* **WHAT TO WORK ON**: Look at the data below and print exactly the lines from its first line through the line with "Glow in dark orange"; the pictures stay out of the copy.

* **INFORMATION SHOWN**:
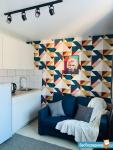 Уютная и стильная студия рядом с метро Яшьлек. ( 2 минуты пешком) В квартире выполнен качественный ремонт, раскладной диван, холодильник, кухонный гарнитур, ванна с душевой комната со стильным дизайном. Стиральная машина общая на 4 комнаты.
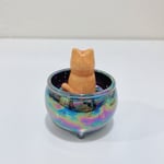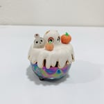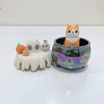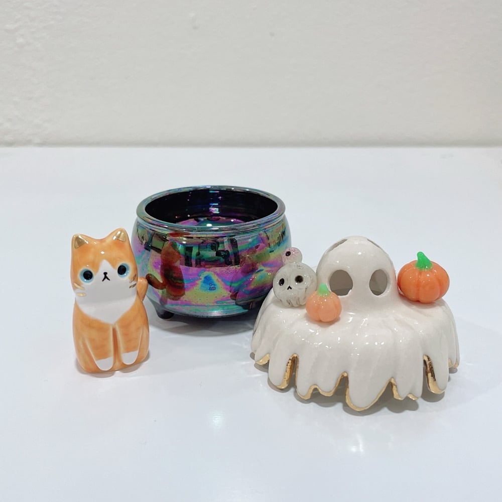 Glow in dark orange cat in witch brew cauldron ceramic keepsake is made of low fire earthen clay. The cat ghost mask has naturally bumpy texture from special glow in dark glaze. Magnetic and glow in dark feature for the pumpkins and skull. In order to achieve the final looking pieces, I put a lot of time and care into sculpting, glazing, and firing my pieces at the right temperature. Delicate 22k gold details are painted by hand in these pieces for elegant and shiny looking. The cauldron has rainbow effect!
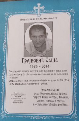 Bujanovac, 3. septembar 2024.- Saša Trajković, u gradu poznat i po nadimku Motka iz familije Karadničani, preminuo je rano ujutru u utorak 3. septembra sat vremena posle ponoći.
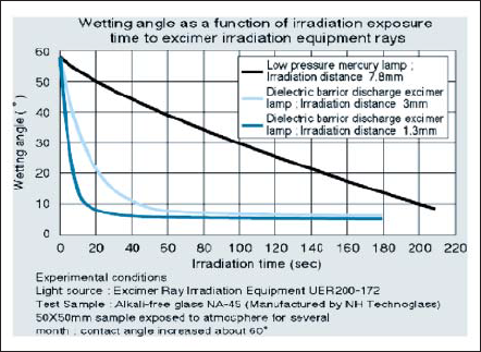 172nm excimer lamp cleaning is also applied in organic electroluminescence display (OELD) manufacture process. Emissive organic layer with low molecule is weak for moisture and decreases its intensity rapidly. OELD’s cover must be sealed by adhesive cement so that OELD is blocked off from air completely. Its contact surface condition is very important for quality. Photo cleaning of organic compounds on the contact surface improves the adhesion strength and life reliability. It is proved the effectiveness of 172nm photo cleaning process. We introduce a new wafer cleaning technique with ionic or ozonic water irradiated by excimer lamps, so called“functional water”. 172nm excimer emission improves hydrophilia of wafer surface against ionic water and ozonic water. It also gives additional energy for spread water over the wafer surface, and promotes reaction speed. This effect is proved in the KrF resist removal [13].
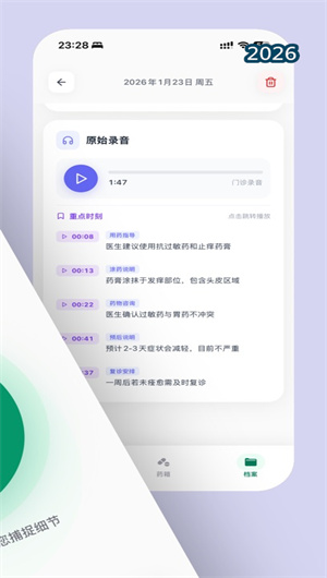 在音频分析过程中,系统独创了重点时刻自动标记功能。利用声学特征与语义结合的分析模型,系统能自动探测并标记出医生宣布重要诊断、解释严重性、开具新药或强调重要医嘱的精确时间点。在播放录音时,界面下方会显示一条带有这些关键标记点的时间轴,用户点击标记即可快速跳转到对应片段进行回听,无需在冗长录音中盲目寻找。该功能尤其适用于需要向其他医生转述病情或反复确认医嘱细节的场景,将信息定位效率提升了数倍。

* **EXERCISE RESULT**:
 Уютная и стильная студия рядом с метро Яшьлек. ( 2 минуты пешком) В квартире выполнен качественный ремонт, раскладной диван, холодильник, кухонный гарнитур, ванна с душевой комната со стильным дизайном. Стиральная машина общая на 4 комнаты.
 Glow in dark orange cat in witch brew cauldron ceramic keepsake is made of low fire earthen clay. The cat ghost mask has naturally bumpy texture from special glow in dark glaze. Magnetic and glow in dark feature for the pumpkins and skull. In order to achieve the final looking pieces, I put a lot of time and care into sculpting, glazing, and firing my pieces at the right temperature. Delicate 22k gold details are painted by hand in these pieces for elegant and shiny looking. The cauldron has rainbow effect!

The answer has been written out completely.